Records provided: Begin

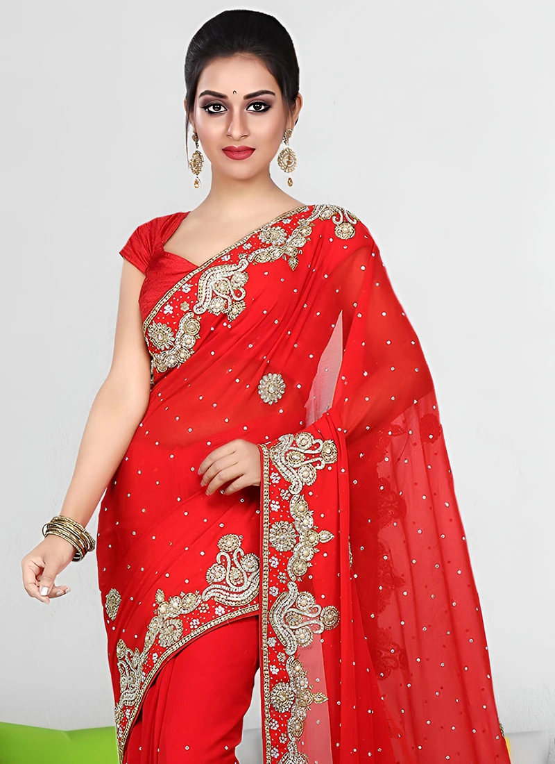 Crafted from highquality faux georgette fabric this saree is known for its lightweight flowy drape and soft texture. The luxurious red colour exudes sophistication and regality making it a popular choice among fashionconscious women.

Records provided: End
Records provided: Begin

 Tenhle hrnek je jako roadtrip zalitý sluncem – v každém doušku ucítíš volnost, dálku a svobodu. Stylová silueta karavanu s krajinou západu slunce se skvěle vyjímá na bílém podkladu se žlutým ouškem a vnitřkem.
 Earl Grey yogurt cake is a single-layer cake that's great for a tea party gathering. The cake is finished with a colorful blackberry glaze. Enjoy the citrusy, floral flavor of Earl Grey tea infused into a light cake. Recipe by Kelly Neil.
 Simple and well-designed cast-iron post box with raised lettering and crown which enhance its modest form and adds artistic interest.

Records provided: End
Records provided: Begin

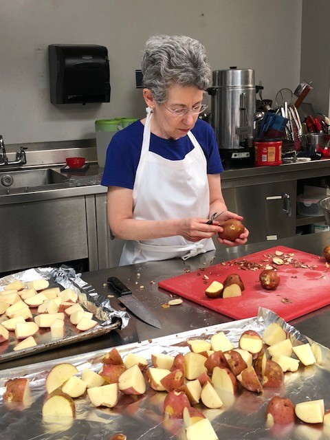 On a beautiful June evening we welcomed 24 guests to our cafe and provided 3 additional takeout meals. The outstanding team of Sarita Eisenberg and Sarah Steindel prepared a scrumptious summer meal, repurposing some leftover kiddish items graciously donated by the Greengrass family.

Records provided: End

Aim of the task:
From the entries above, give again exactly the lines running from the line with "Tenhle hrnek je" to the line with "Simple and well-designed"; include both of those lines.

Your solution:
 Tenhle hrnek je jako roadtrip zalitý sluncem – v každém doušku ucítíš volnost, dálku a svobodu. Stylová silueta karavanu s krajinou západu slunce se skvěle vyjímá na bílém podkladu se žlutým ouškem a vnitřkem.
 Earl Grey yogurt cake is a single-layer cake that's great for a tea party gathering. The cake is finished with a colorful blackberry glaze. Enjoy the citrusy, floral flavor of Earl Grey tea infused into a light cake. Recipe by Kelly Neil.
 Simple and well-designed cast-iron post box with raised lettering and crown which enhance its modest form and adds artistic interest.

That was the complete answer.